We don’t actually see the commission of the crime in New Tricks either, thank heavens, but we hear an account of an historic assault from the victim. In fairness, the actress burdened with this hellish plot-backpack makes a good job of her speech. Sadly for her the “female officer” who listens to her is Detective Chief Inspector Sasha Miller (Tamzin Outhwaite), a stranger to empathy. Sasha listens while attempting to appear concerned but ends up looking as if she’s reading a bus timetable on a wet night. “You’ll get nothing from her, love,” I yearned to say as the victim’s pain spread across the interview room table between them, like an ink blot.


But New Tricks is such a flat, stale show that it has no business dabbling in anything important, not any more.
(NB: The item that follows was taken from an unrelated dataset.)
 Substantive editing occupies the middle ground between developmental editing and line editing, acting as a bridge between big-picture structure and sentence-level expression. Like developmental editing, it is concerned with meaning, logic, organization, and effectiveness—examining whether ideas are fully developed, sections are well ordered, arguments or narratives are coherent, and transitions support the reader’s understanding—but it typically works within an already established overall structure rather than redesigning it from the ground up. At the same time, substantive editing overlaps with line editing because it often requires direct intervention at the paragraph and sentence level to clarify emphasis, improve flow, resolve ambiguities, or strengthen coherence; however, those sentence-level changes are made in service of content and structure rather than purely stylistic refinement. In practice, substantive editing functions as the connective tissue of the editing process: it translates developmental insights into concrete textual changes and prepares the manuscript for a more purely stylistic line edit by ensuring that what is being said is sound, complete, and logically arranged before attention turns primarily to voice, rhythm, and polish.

It certainly has no business using a rape storyline purely to drive a plot that touches the very edges of believability, before jumping over the side. At the very least, the juxtaposition of the Tricksters joshing over an icon apparently filled with the mystical ashes of new member Ted Case’s dad’s ashes and something horrible that destroys real lives, is queasy.
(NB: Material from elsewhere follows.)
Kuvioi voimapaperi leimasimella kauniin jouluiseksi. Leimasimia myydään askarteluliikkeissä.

Remember the ghastly, albeit unseen, sexual assault on Anna in Downton Abbey, something that interposed itself into a piece of soapy historical fluff like a punch to the head? I suppose you could say, at the very least, that this had consequences, though it was almost universally reviled as an unwelcome intrusion of violence. Meanwhile The Fall made rape and serial killing look as lovely as a perfume ad.

There are no consequences in New Tricks. The woman tells her story, the episode is dusted off, and ends with a spectacularly lame piece of practical jokery. 

I realise, of course, that New Tricks must be a rapacious beast, but it’s a knockabout cop show that bears no relation to reality. Dennis Waterman, who left at the start of the final series, told RT recently about how much he and his old muckers in the original cast had so much fun, and how “strangers would come up to me to say how obvious it was that we [the original cast] loved working together”. Well, good for you. Frankly, I don’t care if you left each other freshly baked jam tarts every morning or conversely pushed each other down open manholes, I’m interested in the acting, not the actors’ circle of friendship. But this grab at gravitas should never have seen the light of day in a worn-out show.